HPLC-based analysis of the hydroxynitrile glucoside profiles in barley demonstrated the biosynthesis of all five compounds in the cvs. Pallas and Mentor early in plant development (Fig. 2a). This result is in agreement with a previous report where shoot tissue harvested 3 days after seed wetting was found to contain the hydroxynitrile glucosides13. In general, biosynthesis of cyanogenic glucosides early in plant development is a common trait among hydroxynitrile glucoside-producing species4, indicating a crucial role of these bioactive natural products during germination and establishment of growth. Although substantial variations in the total content were observed between the cvs. Pallas and Mentor, the ratio between the individual hydroxynitrile glucosides was found to remain the same in the two barley cultivars and at all experimental setups. A constant ratio between the five hydroxynitrile glucosides was previously reported in the analysis of 247 spring barley lines including landraces and old and modern cultivars14. In addition, conserved ratios were reported from species and cultivars within the genus of Ribes, in accessions of Rhodiola rosea, and in L. japonicus, where the β- and γ-hydroxynitrile glucosides were the dominating types27. This is similar in barley, where the α-hydroxynitrile glucoside epiheterodendrin accounts for ~15% of the total content, the β-hydroxynitrile glucoside epidermin for ~22%, and the y-hydroxynitrile glucosides osmaronin, dihydroosmaronin, and sutherlandin for ~63%14. At the molecular level, the constant ratio between the α-, β- and γ-hydroxynitrile glucosides may be ascertained by organization of the biosynthetic enzymes within a structurally stable metabolon. In sorghum, the enzymes catalysing biosynthesis of the cyanogenic glucoside dhurrin have been shown to be organized within a dynamic metabolon28–30.

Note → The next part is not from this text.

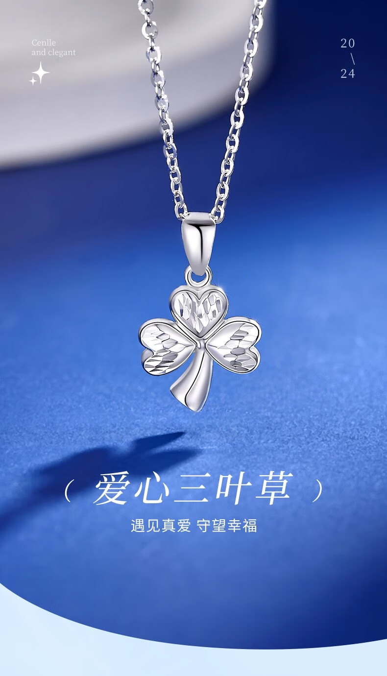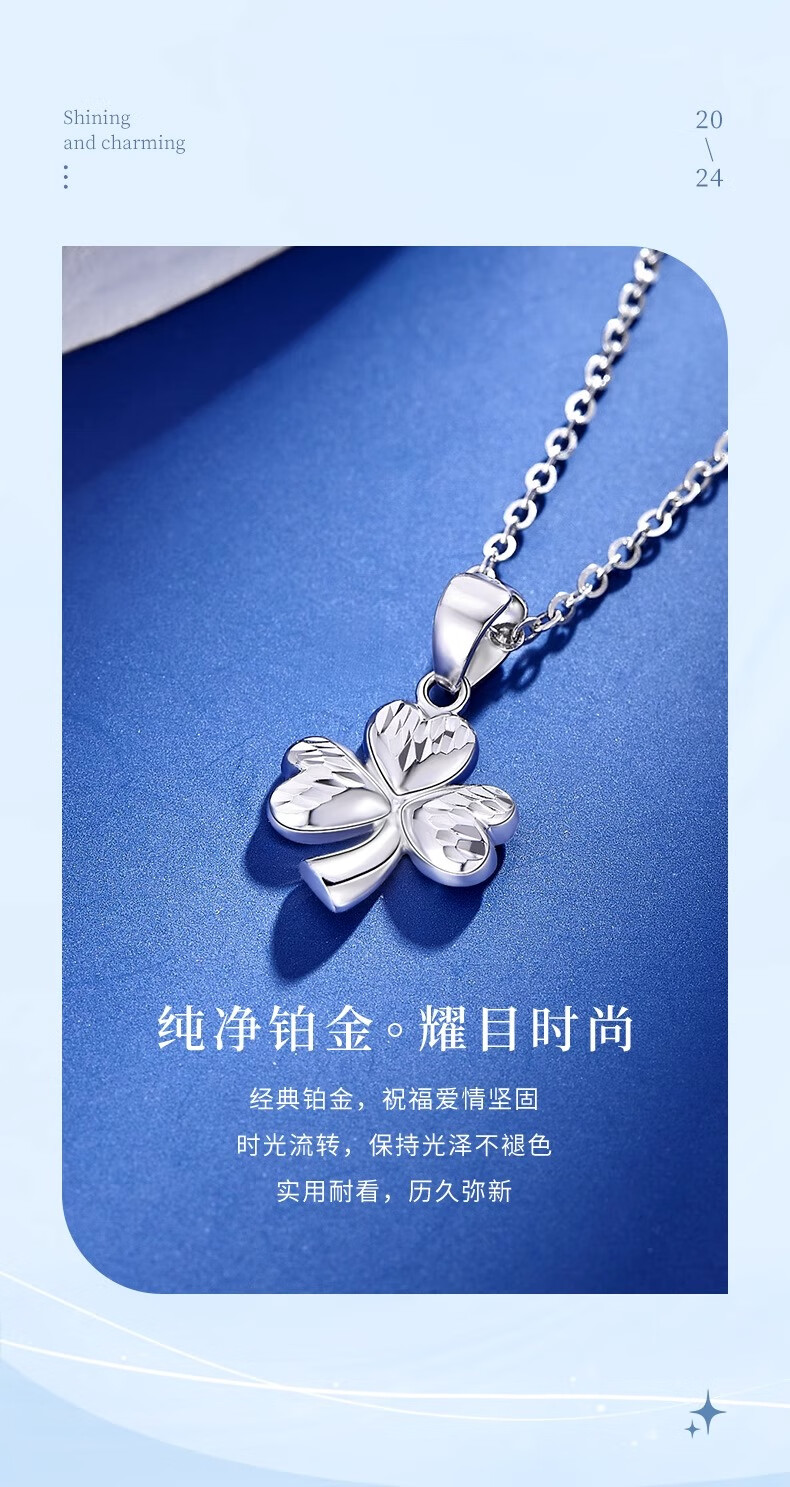 China Gold (CHINA GOLD) Clover Platinum Pendant for Women PT950 Platinum Necklace Clavicle Chain Wedding and Birthday Gift for Girlfriend and Wife Platinum Clover Pendant About 1.8g Free Silver Chain

Expression analysis of the hydroxynitrile glucoside biosynthetic genes in the cvs. Pallas and Mentor revealed that all genes were significantly higher expressed in the high-level producer cv. Mentor (Fig. 3). The highest upregulation was observed for CYP79A12 encoding the enzyme carrying out the initial conversion of the parent amino acid into the corresponding E-oxime. Thus, the influx of oximes may be maintained by differential transcriptional regulation of CYP79A12 in the cvs. Pallas and Mentor. Transcriptional regulation of the CYP79 enzyme was also reported for dhurrin biosynthesis in young sorghum plants31 and in developing sorghum grains32. The smallest difference in transcript expression between the cultivars was found for UGT85F22. However, it is noteworthy that the transcript levels of all CYP71 encoding genes were in general higher than that of the CYP79A12 and UGT85F22 encoding genes, as their amplicons came up at earlier ct values in both cultivars at any time points (data not shown). Our result is in agreement with the observations in developing sorghum grains (17 days after anthesis), where CYP71E1 gene expression was higher than that of CYP79A132. In that study, the gene encoding UGT85B1 showed the highest expression, which is in contrast to our data, where the CYP79A12 and UGT85F22 transcripts came up at close ct values at most time points (not shown). In an earlier study, it was suggested that this ratio between the expression of the UGT, CYP71, and CYP79 genes could prevent release of toxic intermediates33 like the oxime which causes necrotic lesions14.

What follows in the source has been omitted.